Al sesto posto tra i fattori che influenzano la scelta di un’azienda troviamo la visibilità del percorso di carriera, indicata come rilevante dal 44% degli intervistati. Un dato tutt’altro che marginale, che conferma quanto sia importante, per molti lavoratori, avere chiarezza sulle prospettive di crescita offerte dall’organizzazione.

Il tema riguarda in particolare i profili professional (46%), per i quali la possibilità di crescere, acquisire nuove competenze e avanzare all’interno dell’azienda è spesso considerata una leva motivazionale fondamentale. Ma anche per i lavoratori operational, che in misura minore (39%) ma significativa, esprimono il bisogno di percorsi strutturati che permettano di vedere riconosciuto e valorizzato il proprio impegno.

Offrire una visione chiara e credibile delle opportunità di sviluppo significa consolidare la fiducia di tutte le risorse, favorendo una cultura orientata alla crescita e alla meritocrazia. In assenza di trasparenza, infatti, aumenta il rischio di disillusione e disingaggio, soprattutto in contesti in cui la progressione non è automatica ma richiede progettualità, ascolto e investimenti continui.

le differenze in base alla generazione.

Le generazioni oggi attive nel mondo del lavoro condividono alcune priorità - come l’equilibrio tra vita privata e professionale - ma presentano anche divergenze significative nei bisogni, nelle aspettative e nei driver motivazionali. 

La generazione Z, ad esempio, attribuisce grande importanza alla possibilità di apprendere, crescere e operare in un contesto inclusivo: è il gruppo con la più alta rappresentanza di minoranze (34%) e, al tempo stesso, quello che riferisce maggiori ostacoli nell’inserimento lavorativo.
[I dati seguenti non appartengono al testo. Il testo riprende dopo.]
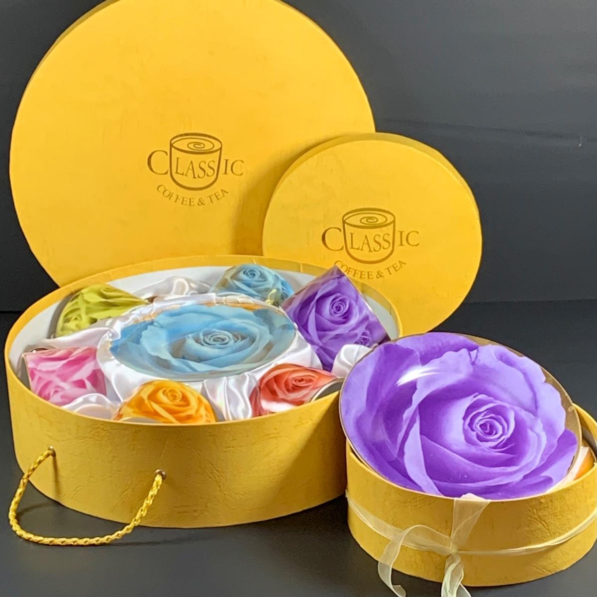 LOT 31: Classic Coffee and Tea Rainbow of Roses Cups, Saucers and Cookie Plates All in Oringinal Round Boxes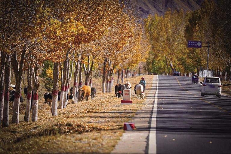 G318被稱(chēng)為“中國(guó)景觀(guān)大道”,沿途壯麗絕美的風(fēng)光令人心醉神迷。恰風(fēng)和日麗的一天,記者一行驅(qū)車(chē)前往G318曲水段與達(dá)孜段。一路層林盡染,落葉飄飛,如詩(shī)如畫(huà),美不勝收。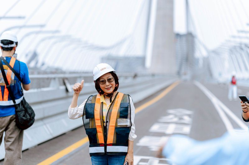 淡江大橋採單塔不對稱斜張橋設計,完工後將成為全球同類型橋梁中跨距最長之一,其結構複雜度極高,曾讓國際工程界卻步,甚至歷經7次流標。面對技術挑戰、疫情衝擊與原物料成本飆升等多重壓力,最終仍由工信工程完成興建,展現國內工程團隊的韌性與專業。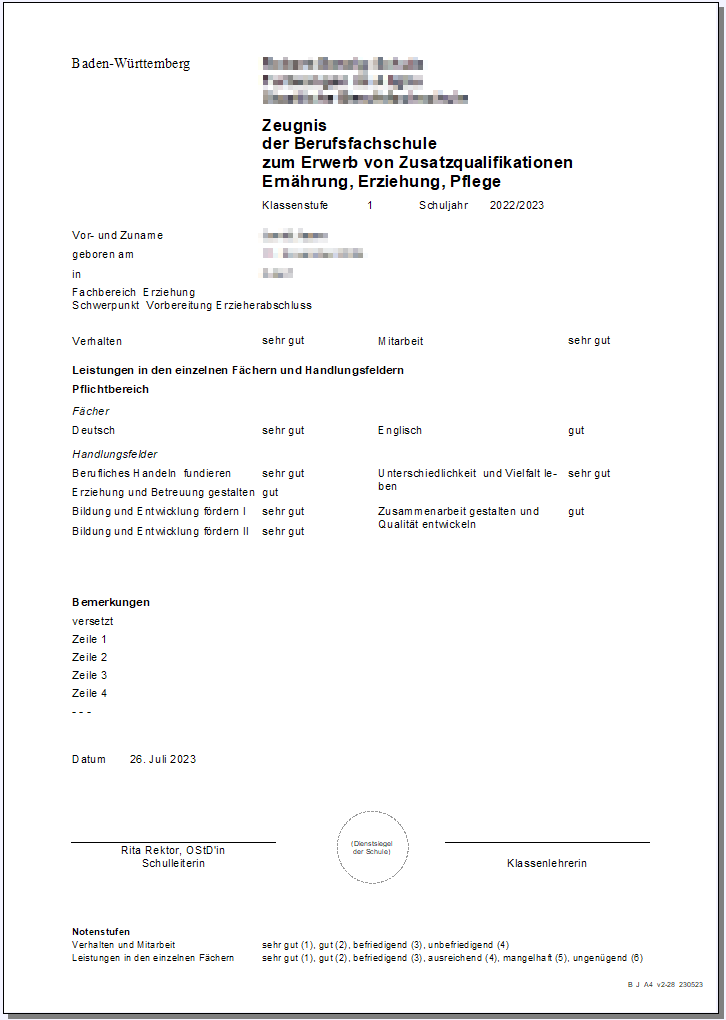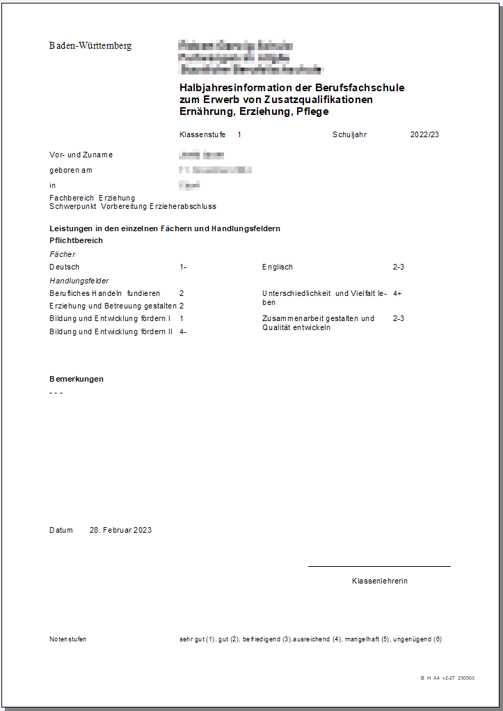 Zeugnis / Abgangszeugnis (1. Schuljahr) |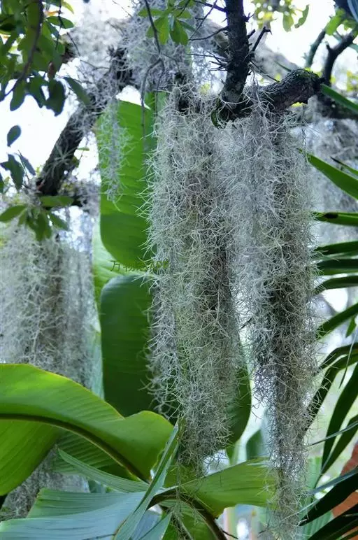 像一顶假发,像一团胡须,高悬在半空中,不见水土滋养,甚至连根在哪儿也看不到,这就是神奇植物松萝铁兰。它靠叶子上的鳞片吸收空气中的水分与养分,故又名“空气草”。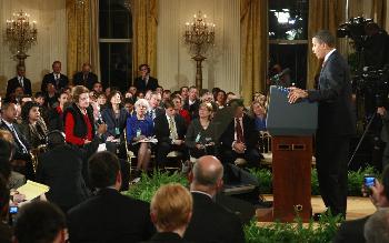 奧巴馬的首場新聞發(fā)布會當晚在白宮東廳舉行,持續(xù)近一個小時,記者們一共提出13個問題。發(fā)布會正值美國電視晚間黃金檔,預計全國有數(shù)百萬人收看了現(xiàn)場直播。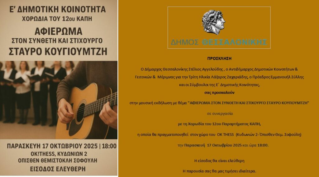 Το Βαφοπούλειο Πνευματικό Κέντρο του Δήμου Θεσσαλονίκης διοργανώνει συναυλία με τίτλο «Χρήστος Ζώτος. Αφιέρωμα στον αείμνηστο Δάσκαλο & δεξιοτέχνη του λαούτου», σε συνεργασία με τους μουσικούς κ. Σταύρο Παπασταύρου και κ. Παναγιώτη Σάκκουλα, μαθητές του Χρήστου Ζώτου, την Πέμπτη 16 Οκτωβρίου 2025, ώρα 20.00, στο Βαφοπούλειο Πνευματικό Κέντρο (Αίθουσα Θεάτρου, Γ. Βαφοπούλου 3-5).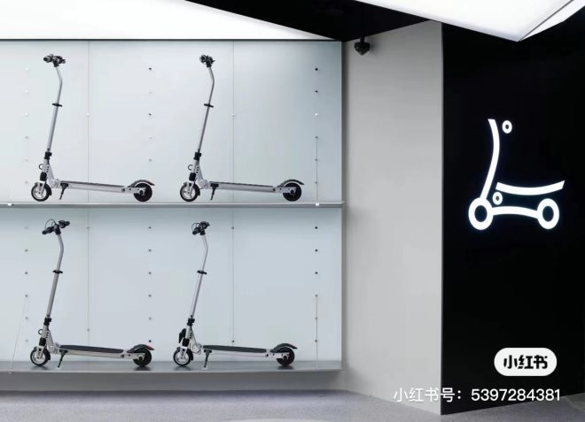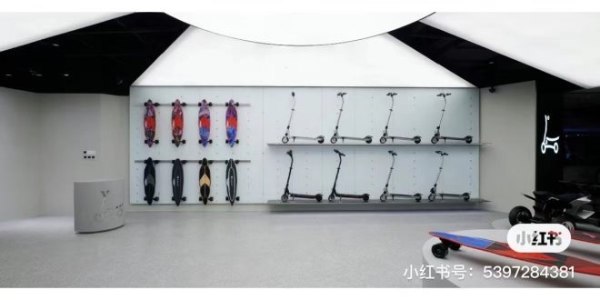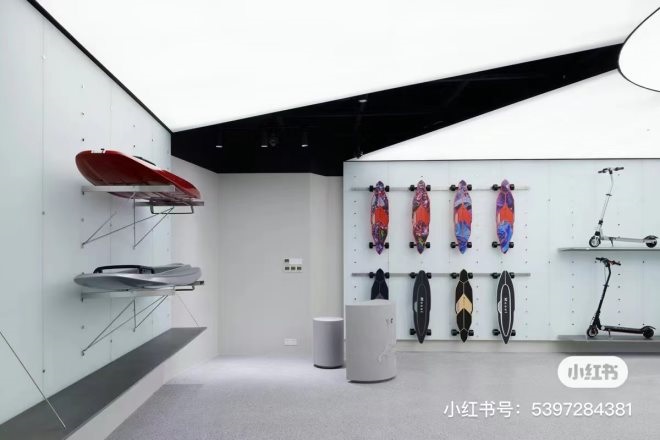 亞洲首店風(fēng)格簡潔清爽,整體以黑灰白色為主色調(diào),天花板被設(shè)計成圓弧碗狀,盡顯高級感和科技感。門店內(nèi)陳列著電動滑板、電動滑板車、飛盤、沖浪板等產(chǎn)品。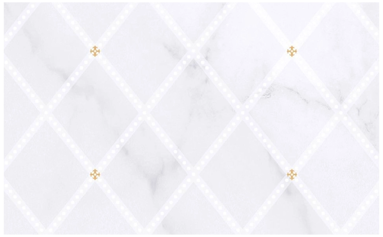 Керамический декор Unitile Life Милана выполнен в классическом английском стиле. Изящный узор в форме ромбов из жемчужной ветрозы выглядит легко и ненавязчиво, золотые геральдические кресты создают ощущение роскоши и респектабельности.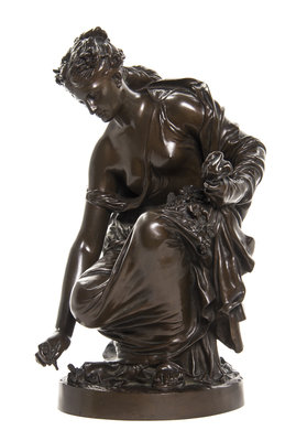 depicting a female picking flowers raised on a naturalistic base, the side of the base incised F. Barbedienne Fondeur Paris.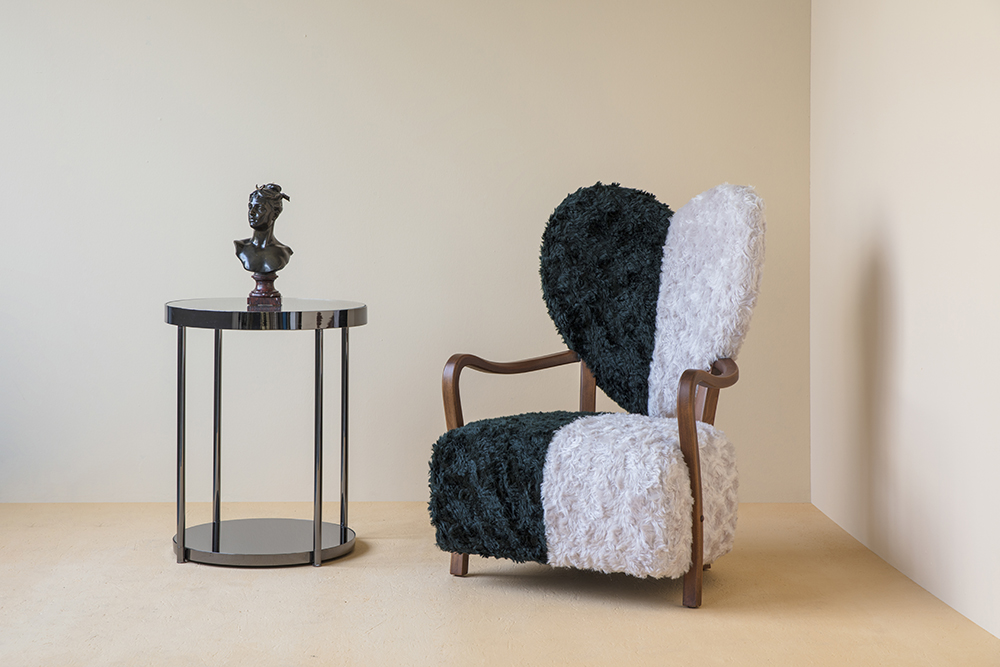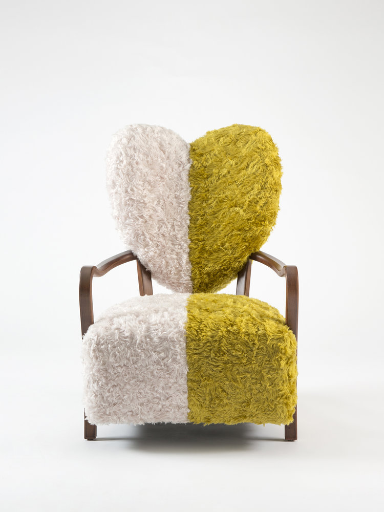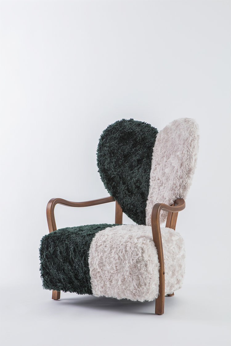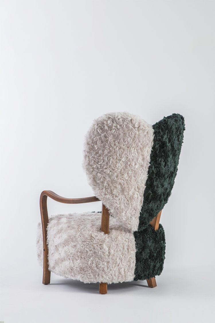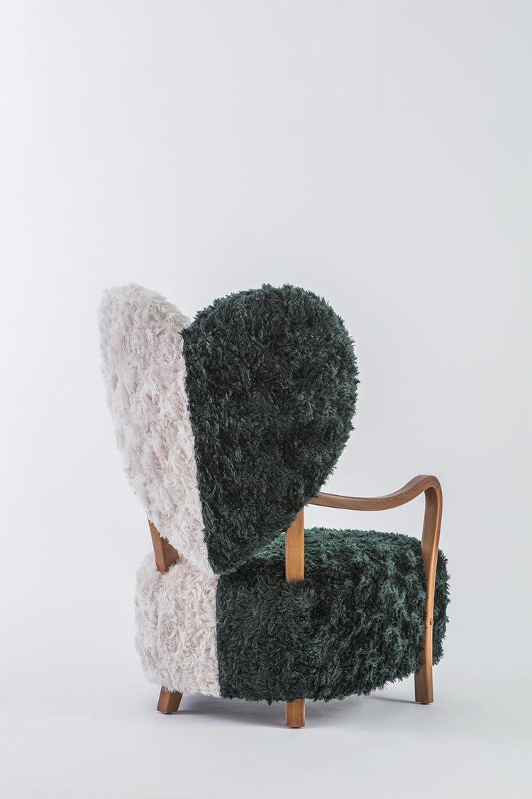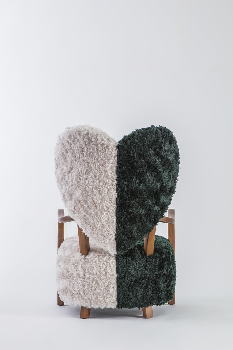 致力于所有破碎的心灵,UNI代表着灵魂的分离和统一。 森林绿和奶油的对比反映了任何两种生物之间的差异以及它们组合的美感。 在轮廓中看到,扶手椅看起来完全是绿色或完全奶油,取决于您的有利位置。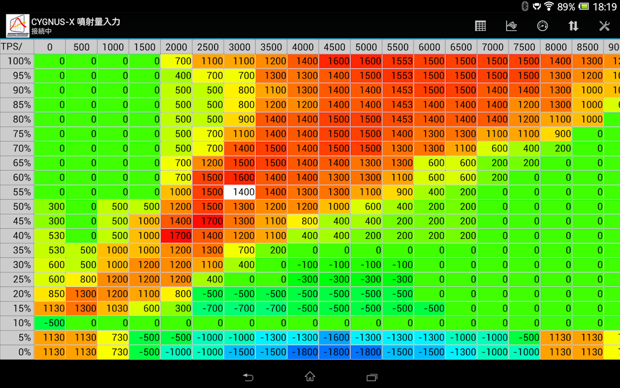 ・燃料噴射増量/減量をエンジン回転・スロットルポジション毎に最大2500μSで
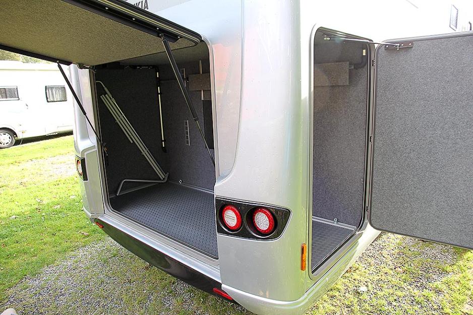 Garasjen har ved første øyekast kun én stor dør. Men det stemmer ikke, da det på typisk Frankia-vis er mulig å åpne en stor luke i bakveggen. Det gir lett adkomst til hele det romslige rommet. Hele konstruksjonen av bodelen er trefri.
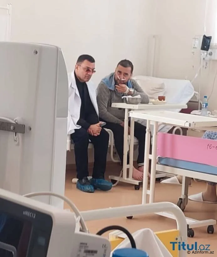 AZİNFORM.AZ xəbər verir ki, fotodan da görünür ki, onu xəstəxanada ziyarət edənlər arasında sənət yoldaşları da var. Sözügedən görüntüdə meyxanaçı Mehman Əhmədli əks olunub: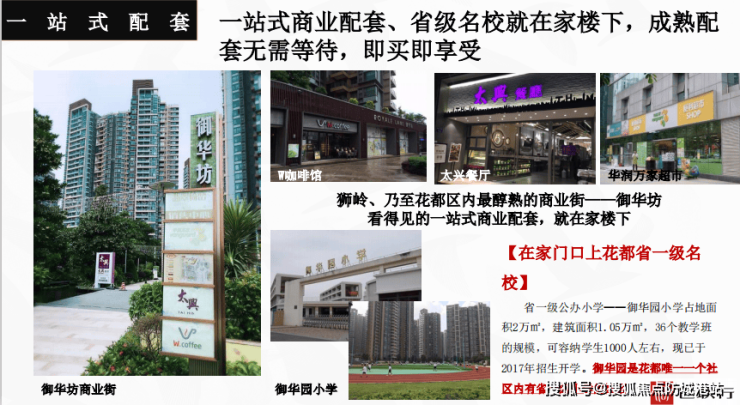 项目自身配套7000㎡风情商业街,狮岭最醇熟的商业街——御华坊,华润万家、咖啡店、药店等生活配套应有尽有。5分钟车程可达雅乐城、7分钟车程可达融创文旅城、15分钟车程可达骏壹万邦。
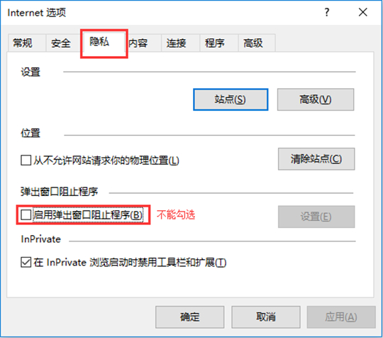 方法二:打開IE瀏覽器,點(diǎn)擊“設(shè)置”- “Internet(選項(xiàng))”-“隱私”,如下圖: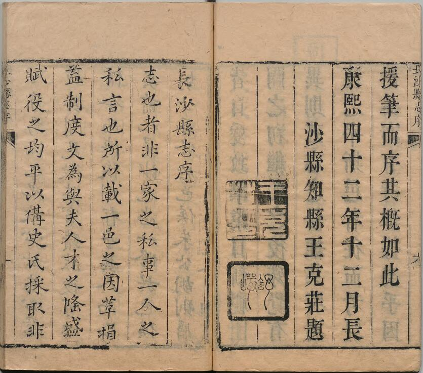 湖南省长沙市地方志,康熙长沙县志十卷,清王克庄修,朱奇政等纂。克庄,字舒岩,顺天宛平(今北京)人,廪生,康熙三十七年(1699)长沙知县,擢湖北布政使。奇政,一名奇珍,字平斋,湖南长沙人,举人,历任同安、湖口知县,著有《易解》、《同安县志》、《平斋全集》等。康熙长沙县志始修於康熙四十二年,上续康熙二十四年朱志,阅数月成书,记事亦上於是年底。正文分十四门八十六目,约十六万字,为长沙四修县志。康熙长沙县志序言谓:”星野、山川、职官、人物等项悉依旧志,只订其讹,而学校、田赋、户口、屯田则翔加厘订,已焕然改观”。康熙长沙县志学校志颇为翔实,如镌刻约束生员条教之卧碑及新近颁发之”圣谕”等能及时加以编次;廪饩、学田、书院亦悉加备载,至修茸学宫、扩大殿庑、创建尊经阁等史实,更反映了当时教育之盛况。康熙长沙县志赋役志记明清田赋、户口、丁粮、佣调与康熙时履亩清丈等情,亦颇有特色。艺文所载凡纪胜所题,详议、条约、禁饬、政训所关”肃官箴”、”悯民瘼”之类,旧志所未详载者,今悉搜采增入,篇幅宏富,约占全书三分之一。长邑自汉迄清二千多年历代名城,名宦门仅志宋陈希等十二人,流寓亦只屈原、司马迁等十二傅,其他人物不逾百人,记事悉仍旧志,虽可见编纂之严谨,但仍嫌传记过少。有康熙四十二年(1703)刻四十九年(1710)增补刻本。
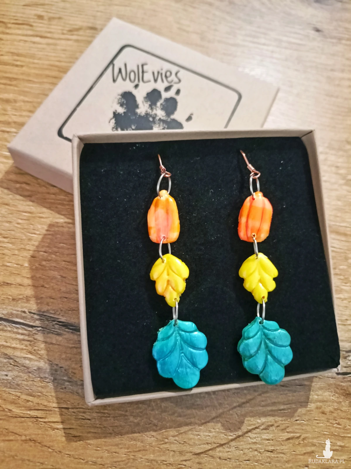 kolczyki jesienne handmade • kolczyki dynie handmade • kolczyki wiszące z glinki polimerowej • kolczyki z żywicą epoksydową • kolczyki pomarańczowe żółte zielone • biżuteria handmade jesień • kolczyki handmade prezent • kolczyki perłowe błyszczące • kolczyki handmade pudełeczko • unikatowa biżuteria handmade

Eppure, si dimostra anche la generazione più ottimista rispetto ai progressi dei datori di lavoro in tema di equità e pari opportunità.

Rispetto alla Gen X e ai Baby Boomers, i più giovani (Gen Z e Millennials) attribuiscono meno valore alla stabilità e alla sicurezza del posto di lavoro, dando invece maggiore importanza all’atmosfera dell’ambiente di lavoro, al benessere quotidiano e al senso di appartenenza.

Non mancano però contraddizioni: sebbene la retribuzione non emerga tra i criteri principali per scegliere un datore di lavoro, la Gen Z è anche quella che più facilmente si sente demotivata quando le aspettative economiche non vengono soddisfatte, rivelando una disconnessione tra i valori dichiarati e ciò che realmente incide sull’engagement.

L’Intelligenza Artificiale rappresenta un altro fattore di differenziazione generazionale. La Gen Z è la più propensa a utilizzarla e ad attendersi un impatto positivo sul lavoro, ma è anche tra le più preoccupate per l’eventualità di perdere il proprio impiego.

Segnali di un atteggiamento ambivalente, che si riflette nella visione del lavoro come spazio in continua trasformazione, ricco di opportunità ma anche di incertezze. Comprendere queste sfumature è essenziale per attrarre, coinvolgere e trattenere talenti appartenenti a generazioni diverse.